Try it
Would you retype the listing word for word, skipping its pictures?

(Information provided Opens)

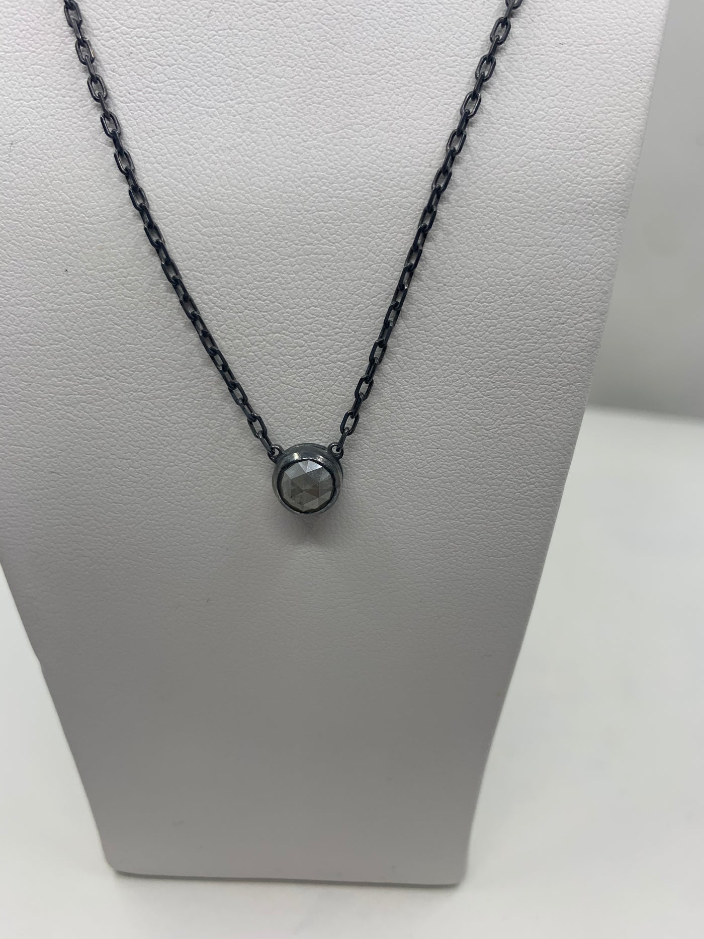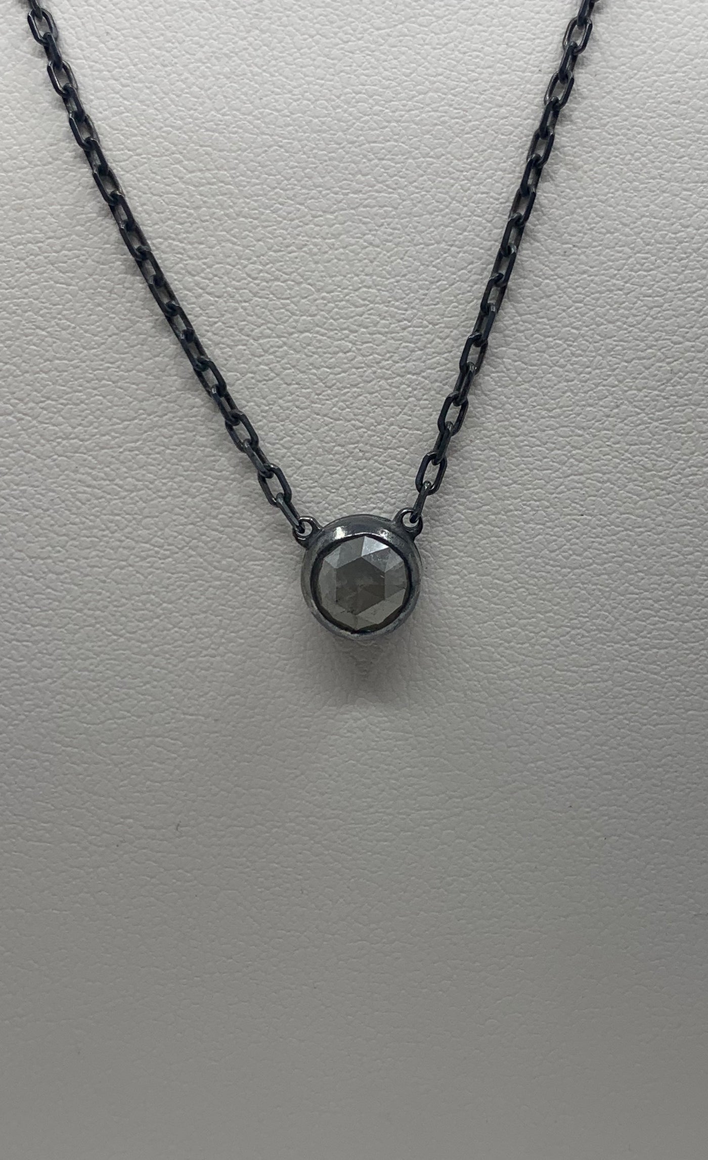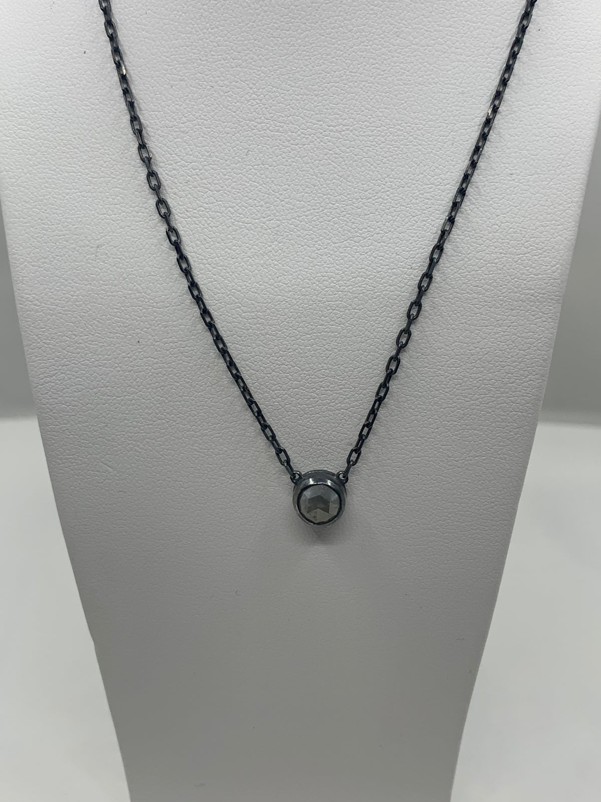 Blackened sterling silver rough cut diamond necklace weighing 1.24cts.
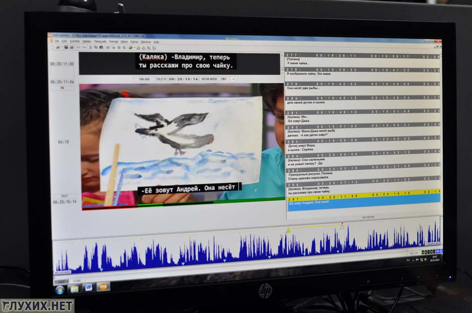 Антон: «Созданные субтитры, после проверки их корректности и содержания, попадают в специальную базу данных. Оператор эфирного комплекса, заполняя лист прохождения программ, предназначенных для эфира, отслеживает наличие субтитрированного материала и делает соответствующие пометки в расписании, чтобы в дальнейшем умная система прикрепила их к передаче. Основная нагрузка по созданию субтитров лежит на редакторском составе, остальные действия оборудование выполняет в автоматическом режиме с минимальным участием человека».
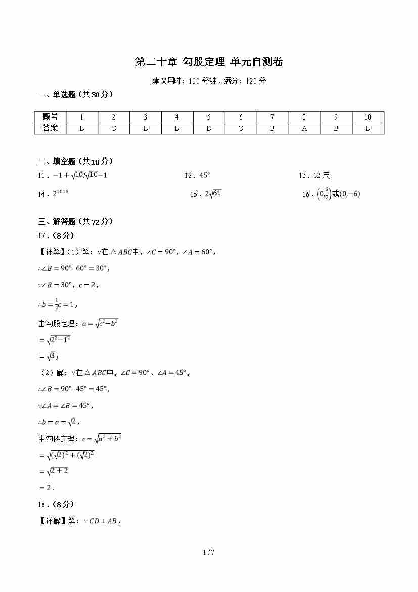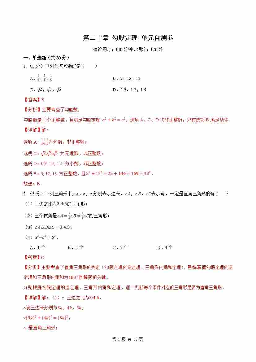 ②寒假预习-第二十章 勾股定理(单元自测卷)(教师版)-2026年八年级数学寒假衔接讲练 (人教版-新教材)
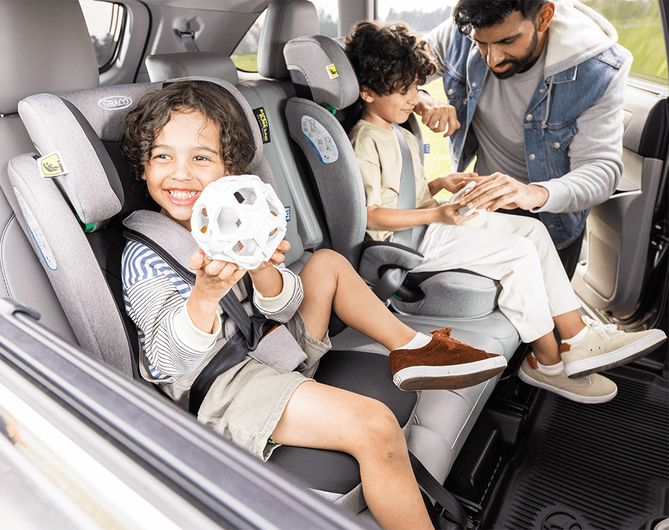 משמש ככיסא עם רתמות עד גיל 4, ואז עובר לבוסטר גב עד 150 ס"מ – פתרון נוח ובטוח לשנים קדימה.

(Information provided Closes)

Answer box
 Blackened sterling silver rough cut diamond necklace weighing 1.24cts.
 Антон: «Созданные субтитры, после проверки их корректности и содержания, попадают в специальную базу данных. Оператор эфирного комплекса, заполняя лист прохождения программ, предназначенных для эфира, отслеживает наличие субтитрированного материала и делает соответствующие пометки в расписании, чтобы в дальнейшем умная система прикрепила их к передаче. Основная нагрузка по созданию субтитров лежит на редакторском составе, остальные действия оборудование выполняет в автоматическом режиме с минимальным участием человека».
 ②寒假预习-第二十章 勾股定理(单元自测卷)(教师版)-2026年八年级数学寒假衔接讲练 (人教版-新教材)
 משמש ככיסא עם רתמות עד גיל 4, ואז עובר לבוסטר גב עד 150 ס"מ – פתרון נוח ובטוח לשנים קדימה.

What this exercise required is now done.